**RECORDS FOR THIS EXERCISE**
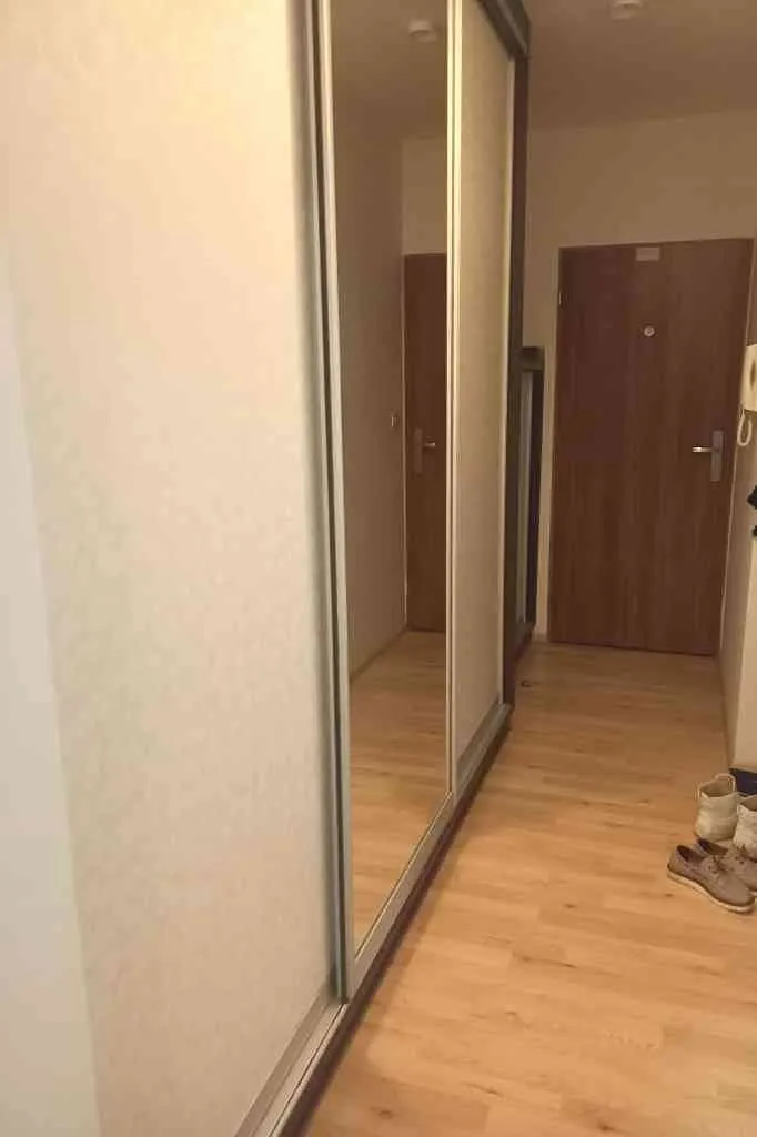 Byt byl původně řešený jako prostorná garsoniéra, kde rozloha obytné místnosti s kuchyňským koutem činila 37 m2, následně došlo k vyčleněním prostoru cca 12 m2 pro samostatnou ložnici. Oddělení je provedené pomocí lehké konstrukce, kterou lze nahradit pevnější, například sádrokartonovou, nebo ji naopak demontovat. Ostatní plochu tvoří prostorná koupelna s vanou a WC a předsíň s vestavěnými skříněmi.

==

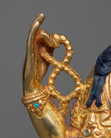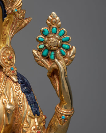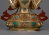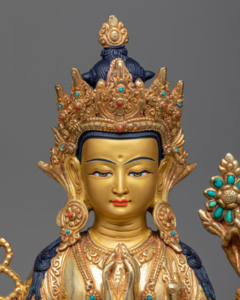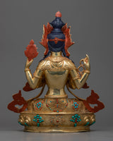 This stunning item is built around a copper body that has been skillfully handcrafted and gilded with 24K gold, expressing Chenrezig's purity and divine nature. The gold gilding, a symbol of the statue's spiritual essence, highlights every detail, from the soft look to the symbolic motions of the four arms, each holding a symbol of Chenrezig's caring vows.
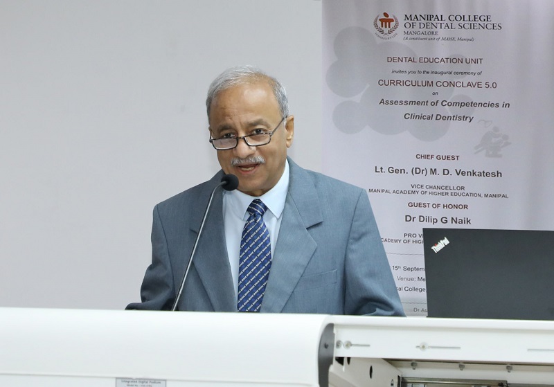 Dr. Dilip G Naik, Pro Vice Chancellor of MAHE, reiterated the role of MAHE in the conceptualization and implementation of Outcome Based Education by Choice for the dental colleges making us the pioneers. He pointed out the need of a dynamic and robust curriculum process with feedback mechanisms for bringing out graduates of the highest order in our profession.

**WHAT THIS TASK INVOLVES**
An exact copy is needed of the stretch above that opens with the line containing "This stunning item" and closes with the line containing "Dr. Dilip G"; the pictures are not part of it.

**OUTPUT FOR THIS TASK**
 This stunning item is built around a copper body that has been skillfully handcrafted and gilded with 24K gold, expressing Chenrezig's purity and divine nature. The gold gilding, a symbol of the statue's spiritual essence, highlights every detail, from the soft look to the symbolic motions of the four arms, each holding a symbol of Chenrezig's caring vows.
 Dr. Dilip G Naik, Pro Vice Chancellor of MAHE, reiterated the role of MAHE in the conceptualization and implementation of Outcome Based Education by Choice for the dental colleges making us the pioneers. He pointed out the need of a dynamic and robust curriculum process with feedback mechanisms for bringing out graduates of the highest order in our profession.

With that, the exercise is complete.